There are a few features that appear to have the highest rate of
missing values (germ, lodging,
seed.tmt, sever, and hall) at
17.72%. The different groups of columns mostly have a number of NA
values that might be appropriate to impute new values.
gg_miss_fct(x =Soybean , fct = Class) + labs(title='Missing Values by Class')
This missing frequency plot grouped by a factor is extremely useful to see the concentration of missing values by Class. It would appear that only a few classes make up all of the missing values. This warrants some special treatment or review to understand why this concentration is occurring. As it seems unlikely that this could be missing at random and more likely corresponds to the classes in some ways.
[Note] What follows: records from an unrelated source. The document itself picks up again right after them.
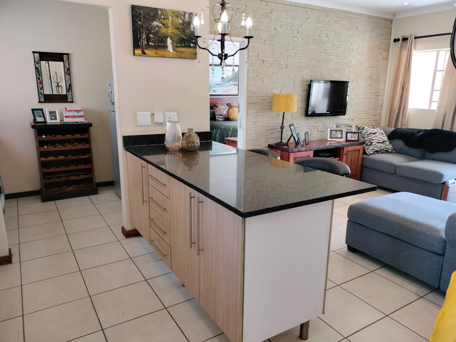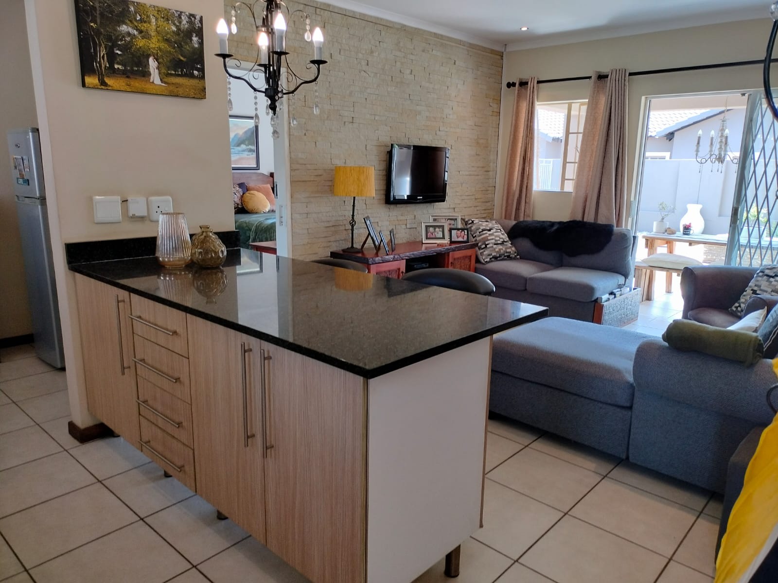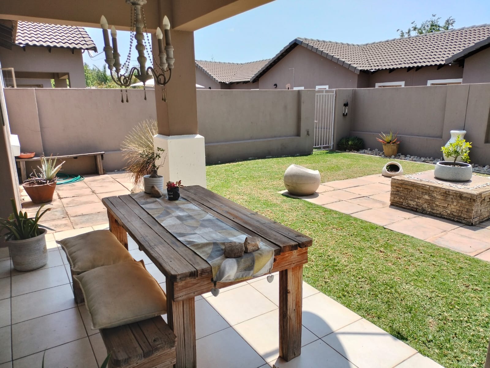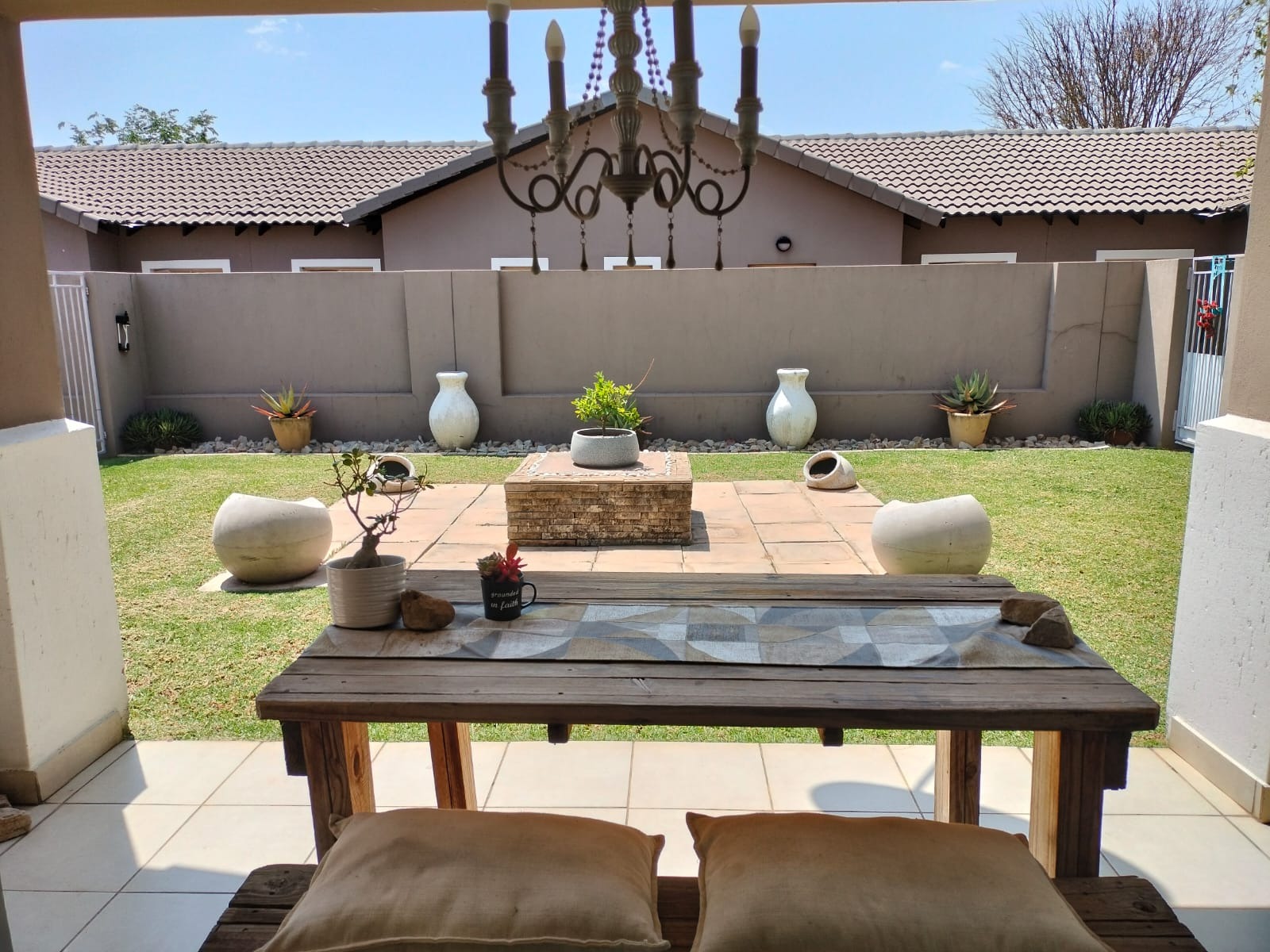SOLE Mandate: This modern townhouse offers simple living. Situated in a security complex with 24 hour security. This unit welcomes you with open plan kitchen with modern fittings and fixtures. Granite tops, built in cupboards, breakfast nook, separate washing up room, with space for two appliances. Open plan lounge area overlooking the covered patio and well maintained garden. The complex is pet friendly on approval of body corporate.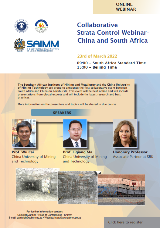 学术会议 贝勒漫画 - 学科动态 - 学术会议 - 正文 Collaborative Strata Control Webinar - China and South Africa 作者:办公室新闻发布浏览:时间:2022-03-23 ZOOM注册网址: 新闻来源:人才与学科工作办公室 摄影: 责任编辑:文涛 审核:马立强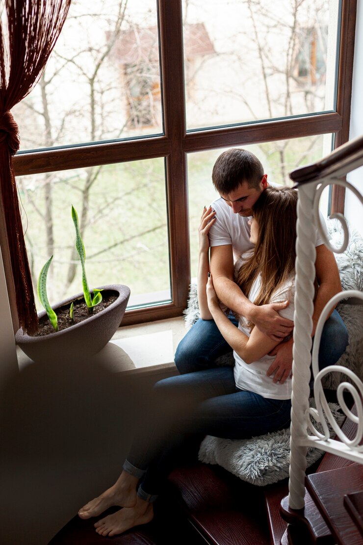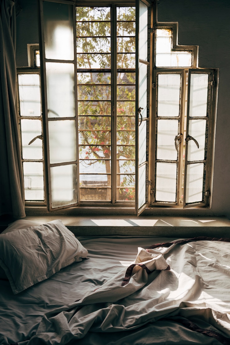 В спальной зоне изголовье кровати оформили рисунком, состоящим из арок и кругов. Этот декор перекликается с арочным проходом, ведущим в гардеробную. В гостиной на окнах можно использовать льняные шторы, которые создадут ощущение уюта и обеспечат приватность помещению.

While imputation might make sense for
diaporthe-pod & stem-canker or
phytophthora-rot it would probably be practical to
separately consider the classes that have all the null values and
determine whether these are slightly different types of soybeans or
there is rationale that explains why there are so many missing values in
them. Is there truly some unusual measurement error that has corrupted
these values as it would be more challenging to reasonably estimate them
with imputation without understanding some of the differences and
similarities to other Class types. A model with the remainder of the
data (i.e. classes without nulls) might be a useful starting point.